I recently scanned all my negatives and made the attached slideshow. Morocco has modernised so much over the past 30+ years that it may be interesting to see these sides and compare them with your own impressions.
We met at the airport in Brussel. A group of 12 young adventurers boarding the plane to Morocco. We landed in Tangier where 6 Renault 4’s where waiting for us. 2 people per car loaded with camping equipment. The tour guide was a young Belgian student who actually had never been outside Europe. He managed, just in time, to get a passport. Fortunately, there was also another experienced traveler in the group who worked for Exxon. Together we sometimes sneaked away to get rid of the tail of travel companions following us through the souks in the larger cities. Once in Marrakesh, where we entered a small shop selling rugs and were sitting down for tea, we quickly left, leaving the others behind to deal with the salesman.

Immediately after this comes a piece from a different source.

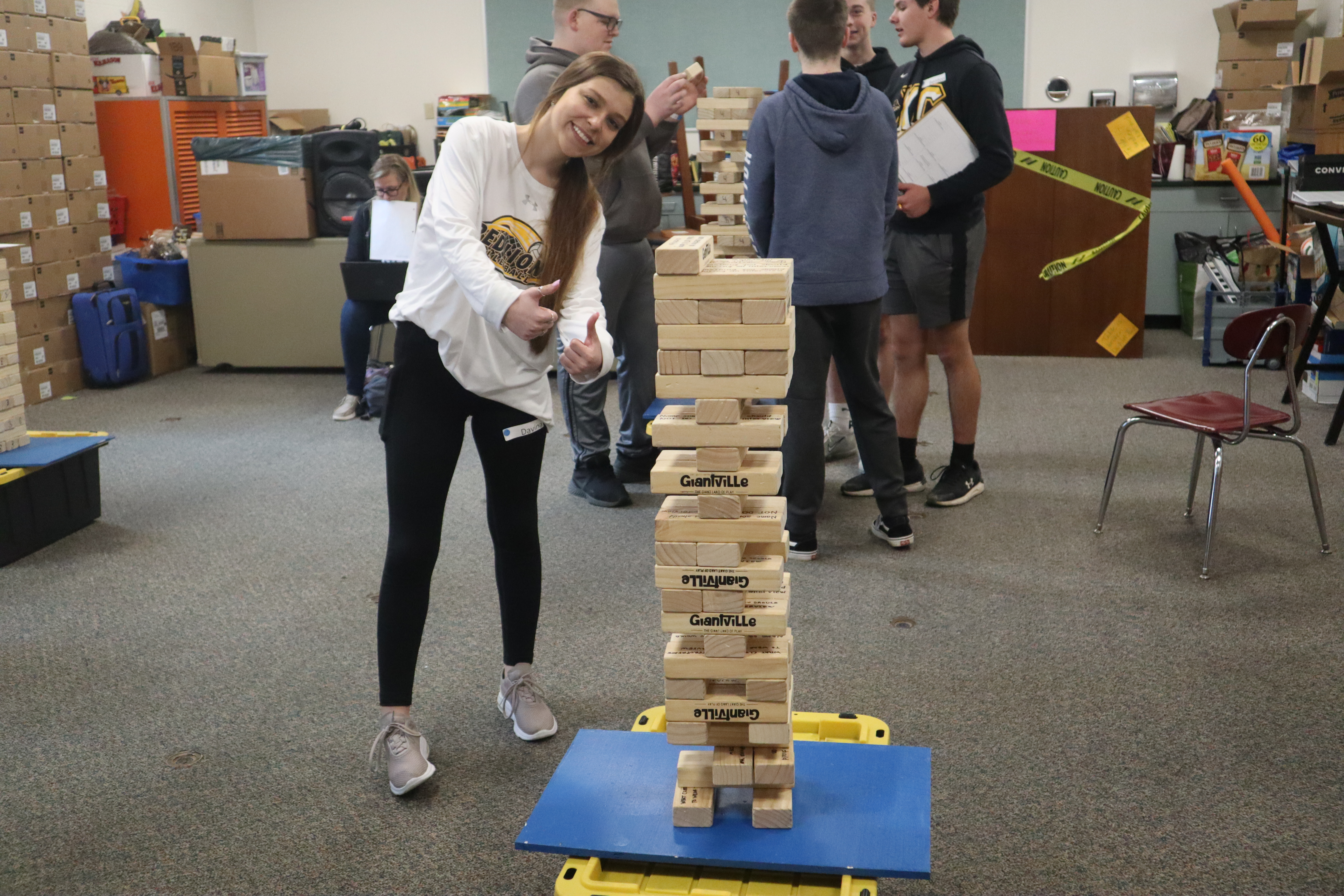 Juniors play giant Jenga to learn about interviewing. Each Jenga piece has a question about interviewing written on the side. Students received one on one instruction from volunteers during budgeting practice. Each student received an occupation and budgeted accordingly. Students flip through their budgeting books to choose a car dependent on their salaries. A parent volunteer lectures a small ground of students.Evan Mader explains the game #adulting to a group of juniors.

We arrived during the Eid festival. Goats were slaughter in the streets. The town, with its narrow streets and woman fully covered with a djellaba brought home to us that we had arrived in a totally different culture. Before completely emerging in into country and culture, we stopped at the Atlantic beach for a swim and a get to know each other exercise. We distributed ourselves over the cars and set course for Chechaouen in the south east. On the way we set up our first camp in Ichtal close to a mudbrick factory. In the evening we all sat around the open fire. After visiting Chefchaouen we drove on to the first of the 4 “King Cities” Fez. The city has a long history which starts in 789 with the building of a fort by Idris I on the banks of the Jawhar river. Idris II built another fort on the other side of the river. These 2 centers remained separate till in 1070 when they were united by bridges and a city wall around both centers. The city is well known for its madrasa’s (Koran schools), covered souk (1200 AD) as well as the leather tanning pits.
The city of Volubolis was originally a Berber city, but came under Roman rule in the first century AD till 285. It became rich from the trade in Olive oil. For the next 700 years it was inhabited by Christians followed by Muslims. When the seat of power moved to Fes in the eleventh century it was abandoned. After an earthquake in the 18th century, which devastated the remaining structures, the fallen stones were used to build the nearby city of Meknes. The old roads in the city are clearly visible. Some of the houses have beautiful mosaic floors.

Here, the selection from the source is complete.